Partiendo del pozo de la pandemia de covid (que se agotó en 2022),
muchos papeles volaron sin parar durante tres años, pero de octubre
del año pasado a esta parte ya acumulan caídas importantes, y ningún
experto se anima a decir con precisión si esta descompresión ha
terminado.
Empezaron a llegar los balances trimestrales que presentan las
compañías (octubre-diciembre 25) y puede decirse que los números
entregados fueron -en promedio- aceptables.
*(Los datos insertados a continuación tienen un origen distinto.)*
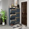This versatile cabinet combines durability, style, and functionality to meet the needs of any family space. It features a sturdy construction capable of supporting up to 220 pounds, providing dependable storage for shoes or other household items. The top surface is crafted from a PB sheet with a washed oak grain finish, offering both scratch resistance and waterproof protection to ensure lasting durability. The cabinet body boasts a rattan-textured iron plate with a machine-punched, evenly colored blue-gray finish that subtly shifts with changing light, adding a touch of modern elegance to your home. Its matte textured metal base offers versatile placement options—either wall-mounted using two metal feet for space-saving or freestanding on four feet for maximum stability. Thoughtfully designed for family use, it includes double the storage space for shoes, protective foot pads to prevent floor scratches, and secure wall mounting for enhanced safety, making it a practical and stylish addition to any household.
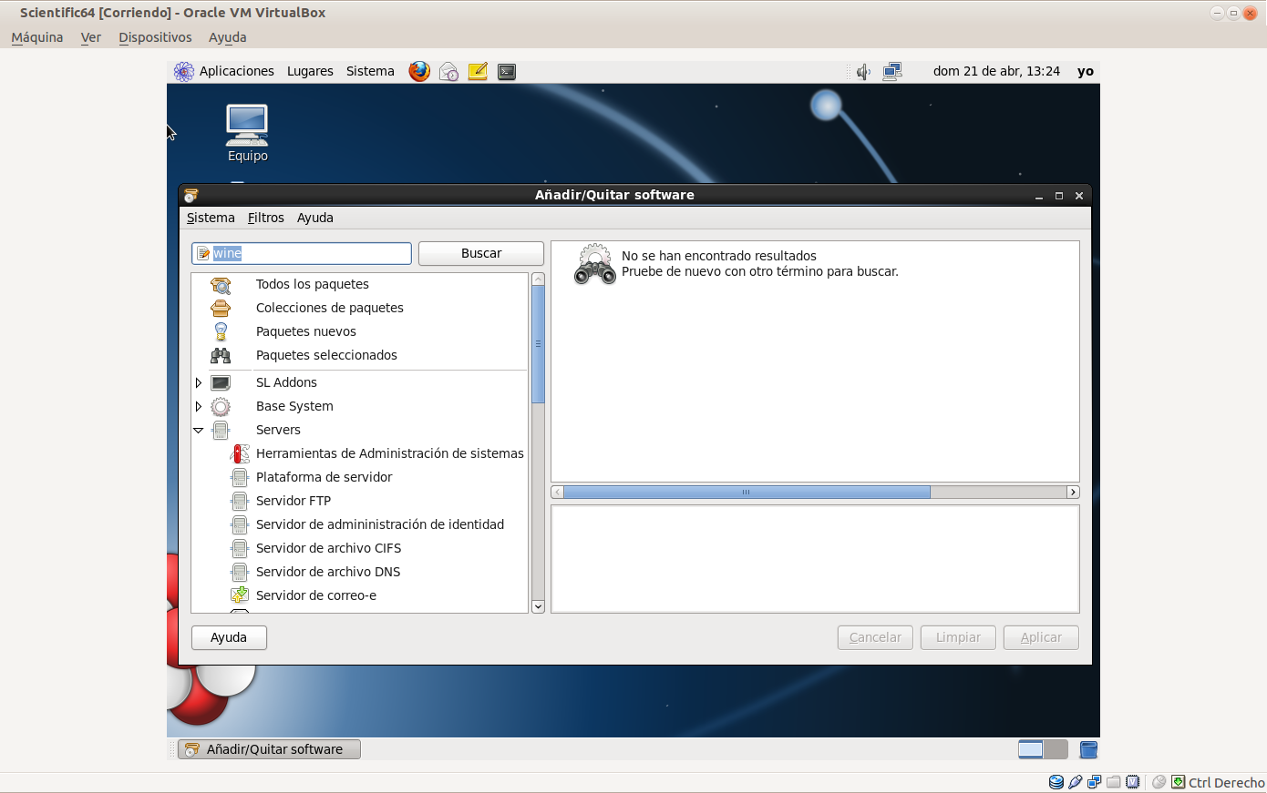 La colección de programas que trae de serie es correcta, pero sin ningún extra para el usuario común. El problema lo he encontrado cuando he intentado instalar Wine para poder usar mis programas de Windows. Simplemente no he podido localizarlo con el gestor de programas. Tampoco he podido encontrar gFTP, mi programa favorito para acceder a servidores FTP, con el que puedo introducir en la máquina virtual otros programas descargados en archivos locales para poder instalarlos. La distribución ha sido desarrollada por Fermi National Accelerator Laboratory y la European Organization for Nuclear Research (CERN) posiblemente para su uso interno.
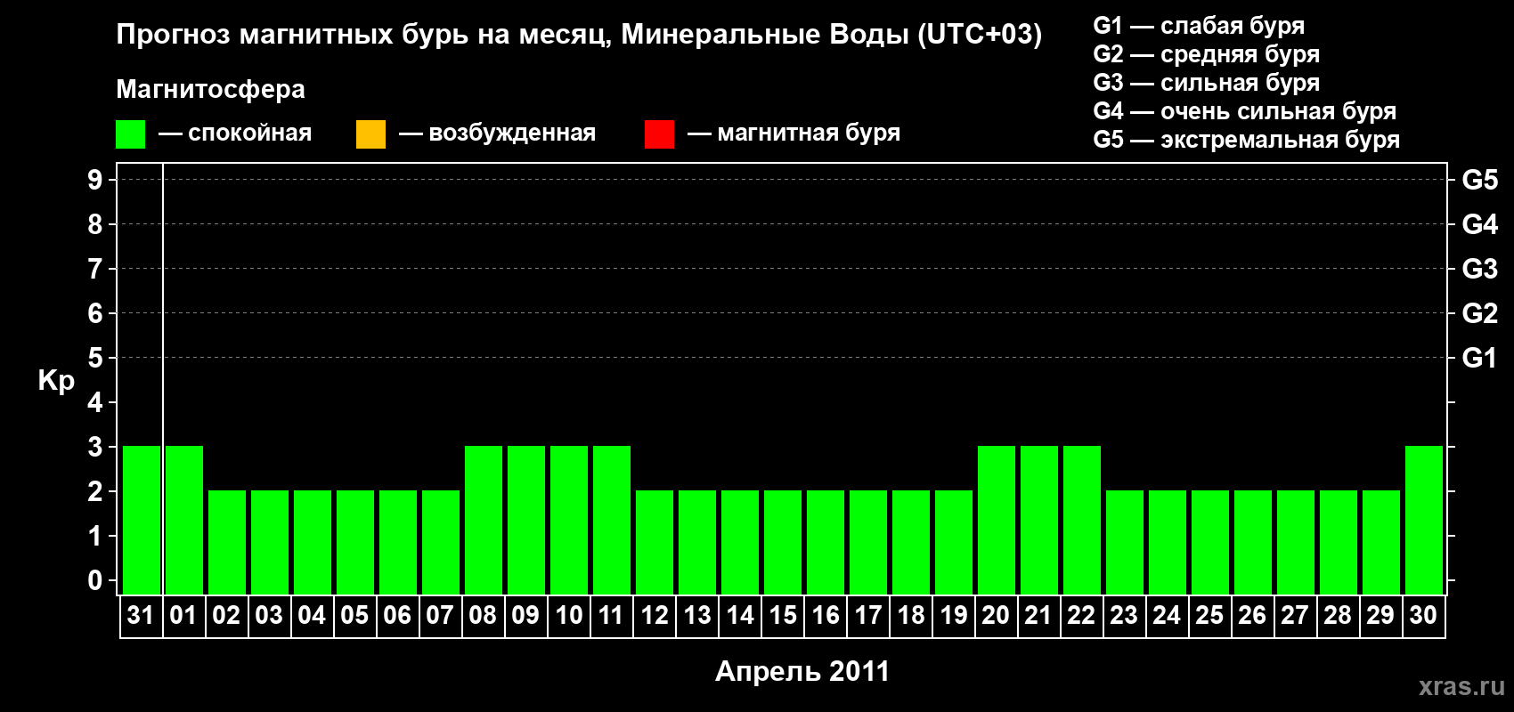 Прогноз магнитных бурь Минеральных Водах — 31 марта 2011 года
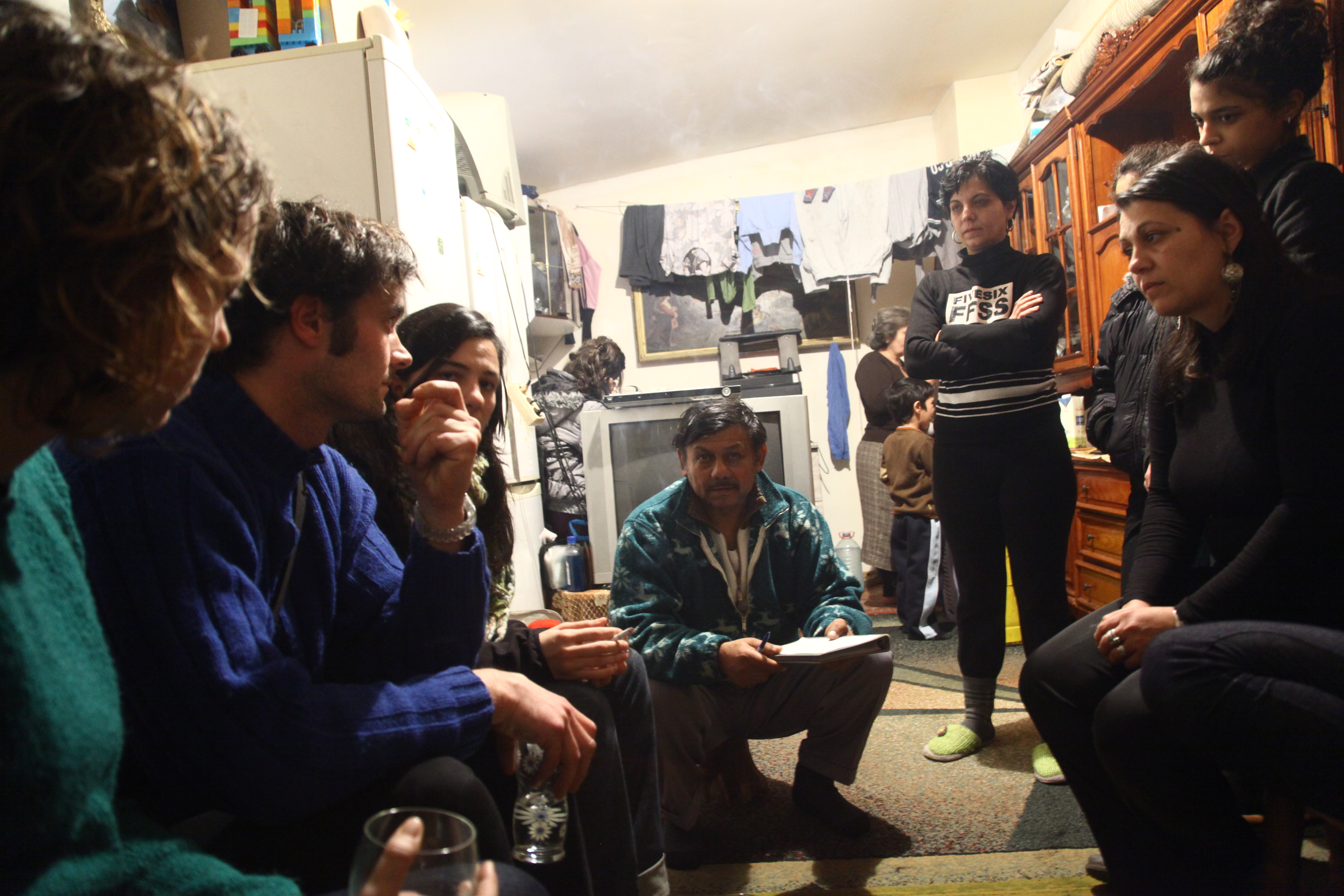 Ce jour là, j’ai eu de bons contacts avec les femmes de la famille. Paloma a déjà travaillé avec des femmes gitanes lors de sa résidence à Tarragona. Je suis donc dans la continuité de son travail et je me réjouis d’avance des moments qui m’attendent avec ces mères de familles, ces jeunes femmes et ces grand-mères. Que vont t’elles me raconter ? Est ce qu’elles resteront sur l’histoire de l’expulsion en exprimant des choses bien maternelles, comme j’ai déjà pu en entendre cette fois là ? Certaines m’ont dit que leurs enfants n’avaient pas pu voir le père noël de l’école parce qu’ils ont du partir avant. D’autres m’expliquent qu’elles ne peuvent pas laver leurs enfants correctement parce qu’il n’y a pas d’eau chaude. Ce sont des émotions de mères.
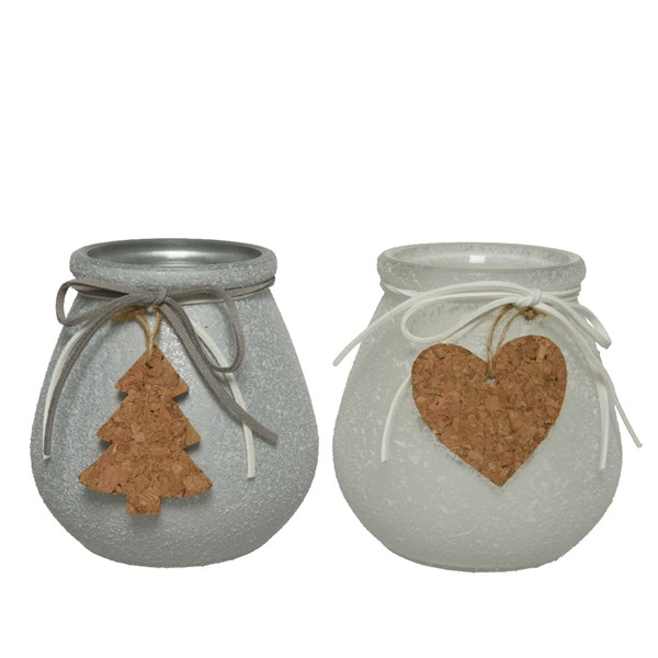 Suport pentru lumanare - Tealightholder Glass Frosted Matching Ribbon, Cork Heart, Cork Tree - mai multe modele
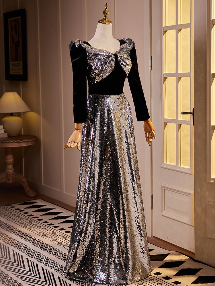 銀色 ロングドレス 長袖 方形ネック 修身デザイン 感 演奏会 パーティー 披露宴 宴会 年会 主催者 舞台ドレス エレガント
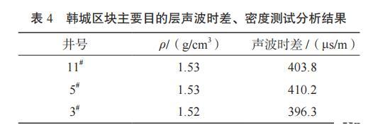 表4韩城区块主要目的层声波时差、密度测试分析结果
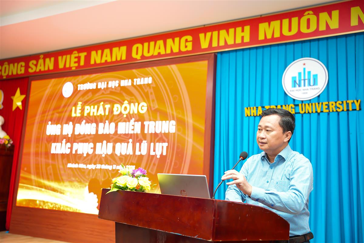 Phát biểu tại lễ phát động, TS. Quách Hoài Nam – Hiệu trưởng Nhà trường, bày tỏ sự cảm thông sâu sắc trước những mất mát mà người dân miền Trung đang phải gánh chịu do mưa lũ liên tục trong thời gian gần đây. Hiệu trưởng nhấn mạnh, tinh thần tương thân tương ái luôn là một trong những giá trị cốt lõi được Trường Đại học Nha Trang gìn giữ và lan tỏa, đặc biệt mỗi khi đồng bào cả nước gặp khó khăn. Hiệu trưởng kêu gọi toàn thể viên chức, người lao động và người học chung tay đóng góp, thể hiện trách nhiệm xã hội của tập thể Nhà trường đối với cộng đồng.
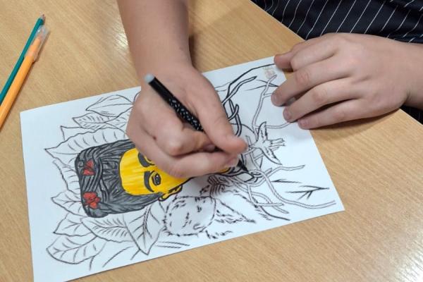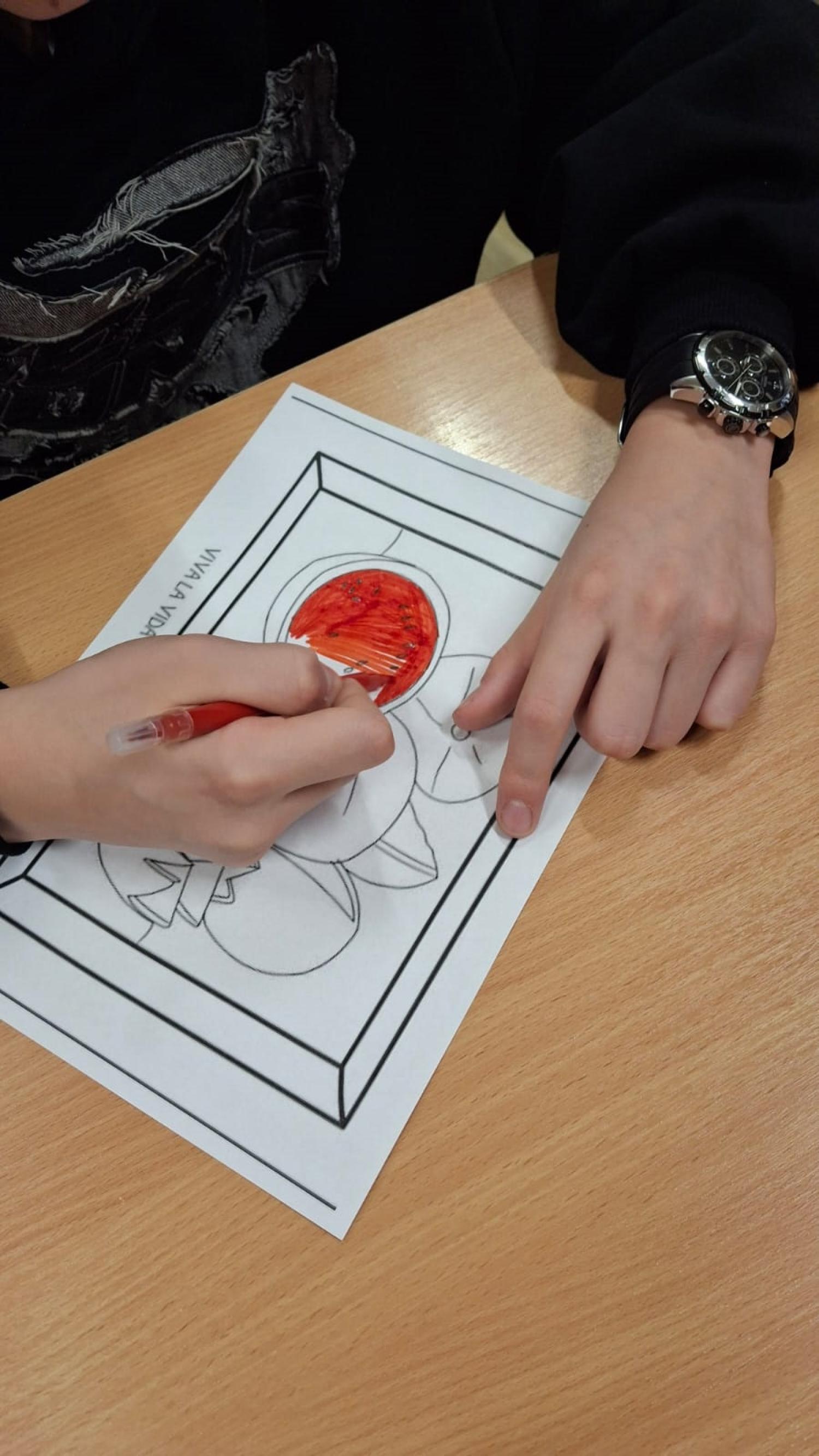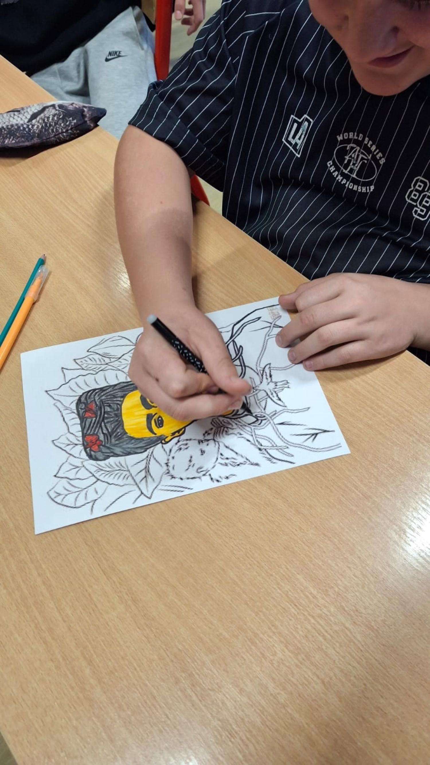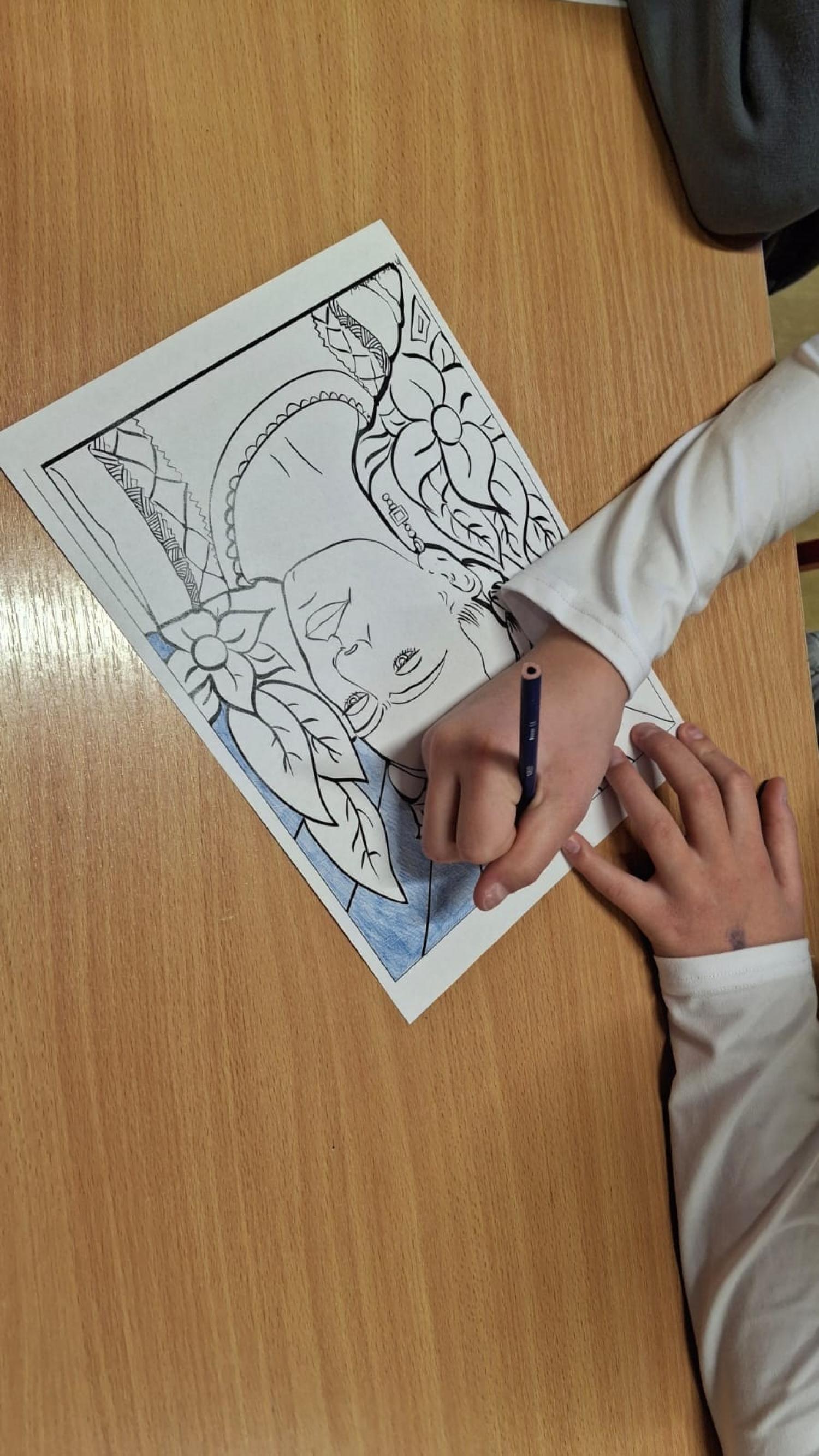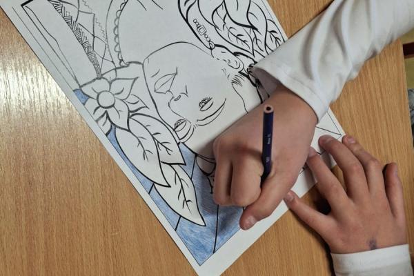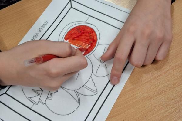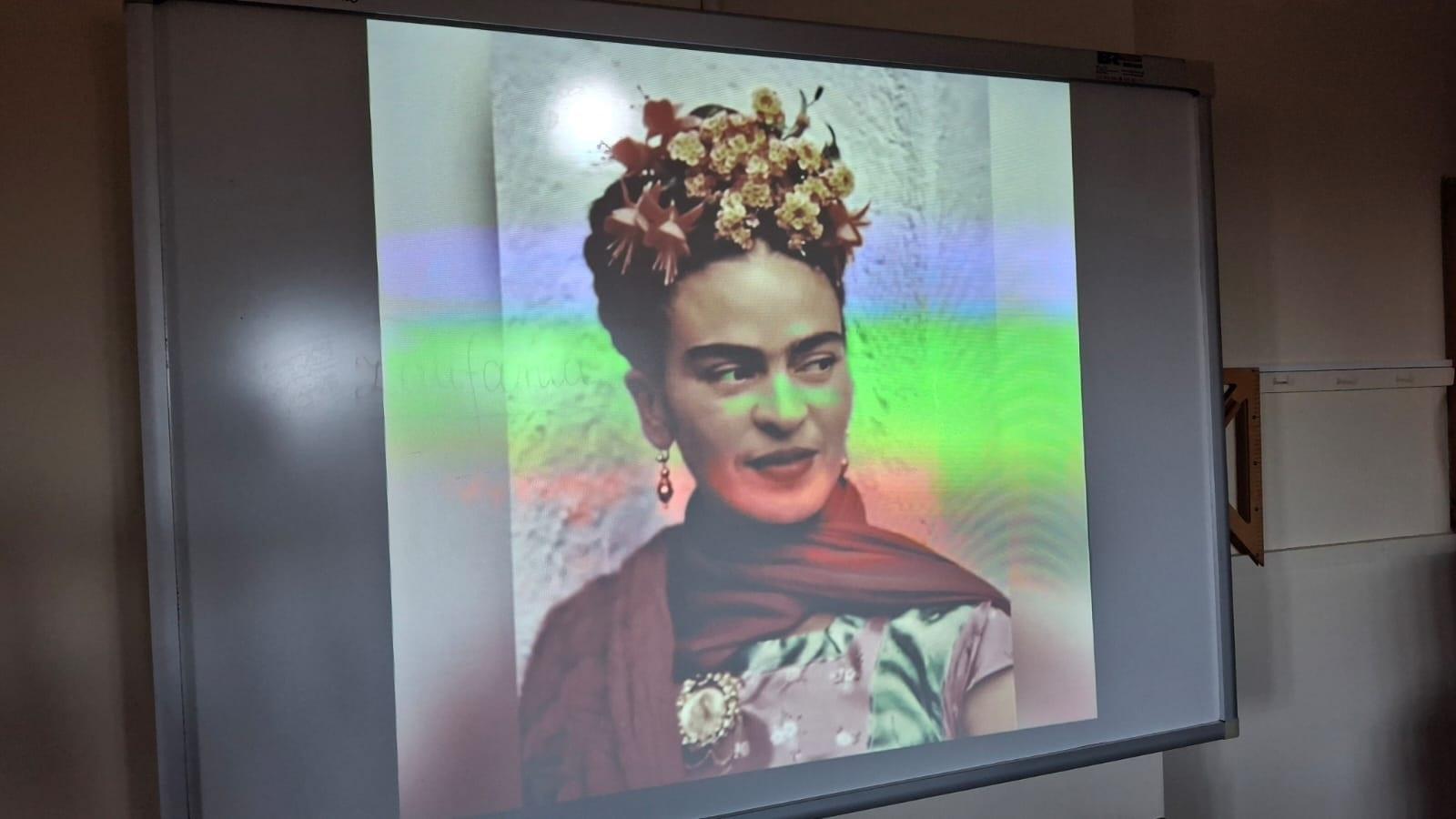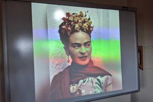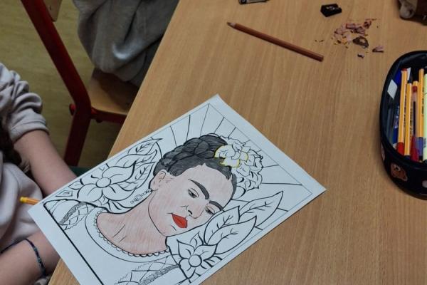 Podczas zajęć poznaliśmy sylwetkę artystki, ciekawostki z jej życia oraz kulturę Meksyku. Rozmawialiśmy o tym, czym jest pasja i jak dzięki niej można pokonywać trudności. Wspólnie omówiliśmy cechy, które warto podkreślić u Fridy: kreatywność, odwagę, wytrwałość oraz miłość do kultury swojego kraju.

Pero con la idea de dar
algunos botones de muestra se observa que algunas de las compañías,
incluso las más importantes, muestran que estamos en zona de
desgaste.
El caso probablemente más resonante es el de Alphabet (Google) que
había subido de100 a 340 dólares en tres años, y tras la entrega de
sus números contables retrocedió hasta 322 dólares, con una moderada
baja del 5%.
Pero Meta (Facebook), que había subido de 97 a 780 dólares en tres
años, ahora bajó hasta 661 dólares, con una caída del 15%. AMD, una
de las “tecnológicas estrella”, había subido 50 a 260 dólares en
tres años, y ahora bajó a 208 dólares, con un daño del 20%.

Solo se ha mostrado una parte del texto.